The reality that attackers may have made millions of dollars in fraudulent Apple Pay purchases is just another example of how poor execution renders worthless even the top security technology.

Only last week, payment security specialists told Black Reading that Apple’s secure mobile payment technology released in September — is not inferior to some of the other payment tech out there. Since that time, nevertheless, they became conscious of “wild” Apple Pay fraud, detailed nicely by The Guardian.

While specialists were surprised by the quickness of the attackers and extent of the fraud, they maintain the technology is powerful.

“Apple Pay is very good,” says Gartner prominent analyst Avivah Litan. “It is the bank procedures for identity-proofing which are poor.”

“More needs to be carried out to make sure the apparatus to which information is provisioned belongs to the valid accountholder.”

Acceptance is given by some banks on such advice and others add an additional process of authority. Oftentimes that additional check is just to phone inquire to confirm the past four digits of their Social Security number and the man claiming to be the accountholder. If so, fraudsters do not need to attempt to decipher into Apple’s token vault — they can get private information or into the issue bank, including SSNs, by breaking third parties’ databases or by just purchasing it on the black market.

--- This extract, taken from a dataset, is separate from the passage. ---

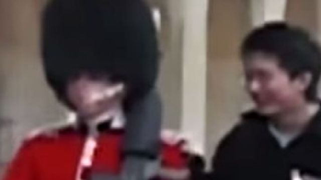 Le guardie reali sono disposte a subire di tutto durante i loro turni. Foto, boccacce e prese in giro da parte dei turisti. Mai però importunare uno degli uomini della regina toccandolo. La prova arriva proprio da Buckingham Palace, dove un ragazzo ha appoggiato la mano sulla spalla di una delle guardie. La reazione immediata: fucile puntato e urlo intimidatorio. E il turista se la dà a gambe.
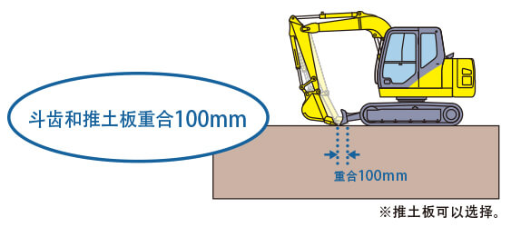 近前作業(yè)性能提升 鏟斗底面近前挖掘作業(yè)性提升。將斗齒和推土板部分重疊, 更容易挖起土渣和石頭 |

SSNs overlap two types of authentication variables — “something you know” and “something you are” — and offer simply the worst features of both. A last-four-digit combination is not as difficult to brute force as any 4-digit PIN. SSNs are hopeless to change, unless you’ve joined the Witness Protection Program already had wide-ranging identity theft issues, or shown you’ve got extreme spiritual objections to your unique number. Plus, it’s impossible to check an SSN is actually “you,” because the Social Security Administration will neither affirm nor deny that a particular SSN fits using a specific name.

Luckily, we’ve better alternatives for call center authentication, including biometrics or through telephone print authentication.”

Litan advocates that financial institutions reduce their reliance on static information (such as SSNs), increase use of dynamic information (such as behaviour evaluation), and layer multiple authentication procedures upon one another. For instance, analyzing linkages between name, email address, telephone number, mailing address, and a device; and analyzing behaviour, like navigation and network customs; and analyzing endpoint-centric variables like apparatus and geolocation fingerprinting. She also urges that for high risk situations, financial institutions contemplate impeding the authorization procedure or implementing biometrics tools down by using snail mail or needing in-person interactions.

“As for tying the apparatus to the accountholder,” says Pascual, “there are a few technologies out there which authenticate the mobile apparatus by leveraging the relationship. We can expect these options to eventually become more popular, maybe essential to addressing this problem.”